Drop row from tensor in cuda

Augusto_Maillo · September 12, 2024, 6:11pm

I’m using Whisper by transformers library to transcribe some audios. In my application I need to transcribe near real time, so I use batching to speed up. However whisper generation is sequential, and some samples in batch may (and probably will) finished later. I don’t want to hold the whole batch while a lazy sample is not finished. I’m using a Streamer to early return completed predictions, but I’m wondering if drop them from the batch for the next predictions should speed my inference.

For example, lets say a N size batch. If I identify that sample i finished (by end of string token), I will return the transcription for the requester, but for the next whisper model predictions I want a n inference over a N-1 sized batch.

Is there a faster way that I can do this with a cuda Tensor? Do you think it’s worthy?

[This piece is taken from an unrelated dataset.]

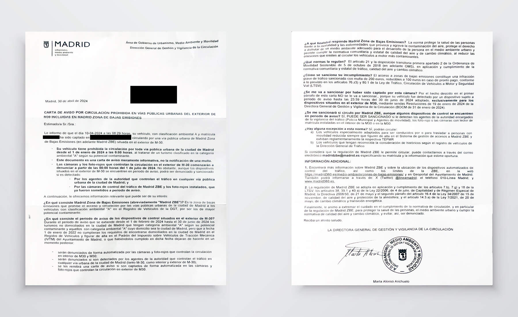 Desde marzo de 2022, esto se considera una infracción grave: de hecho, en 2023 se registraron más de medio millón de accesos prohibidos. Y el 50% de ellos se concentran en tan solo cinco calles. Debido a la ampliación de la Zona de Bajas Emisiones muchos conductores están recibiendo una carta en los últimos meses avisándoles de que están circulando en vías públicas urbanas del exterior de la M-30 sin el correspondiente permiso.

ptrblck · September 12, 2024, 7:30pm

I don’t fully understand this concept, so could you explain how a single sample can “finish” before the entire batch?

In standard PyTorch layers, the entire batch is processed at once and thus the returned output is also containing the result for all samples.
However, it seems your use case processes the samples inside a batch independently?

Augusto_Maillo · September 13, 2024, 8:00pm

In Whisper generation there are multiple inference steps in order to predict the next sentence token.

For a batch with 3 samples, it will predict at each stop a new token for the sentence. However, one sample in the batch may finish at step i, where the predicted token for its is end_of_string_token. Whisper will keep this sample in the batch for the next iterations, even if the prediction for it is over.

I’m wondering if I can drop this sample from the batch, so the next inference step will be compute with N-1 samples. It may seem worthless since remove a single sample should not improve speed a lot, but if I drop continously, in a batch_size=64 sample where half of them finished before the others, the last inferences will be computed over 32 samples, and that will make a lot of difference.

That said, in order to do this, I need to modify a torch tensor in GPU very quickly.

input_tensor = torch.rand((64, 1024)).to('cuda')
inference_finished:
while not inference_finished:
  result = predict(input_tensor)
  input_tensor = drop_concluded_predictions(input_tensor) 
  inference_finished = check_predictions(result)

In the ith iteration, input_tensor.shape[0] will be lower then 64.

There is a way to do this very quickly?

ptrblck · September 14, 2024, 2:31pm

You could profile different approaches of slicing and creating a new tensor using the remaining inputs via torch.cat or by moving the remaining inputs. Both approaches would trigger a copy so you could then profile how much performance you are gaining by reducing the workload vs. triggering the copies.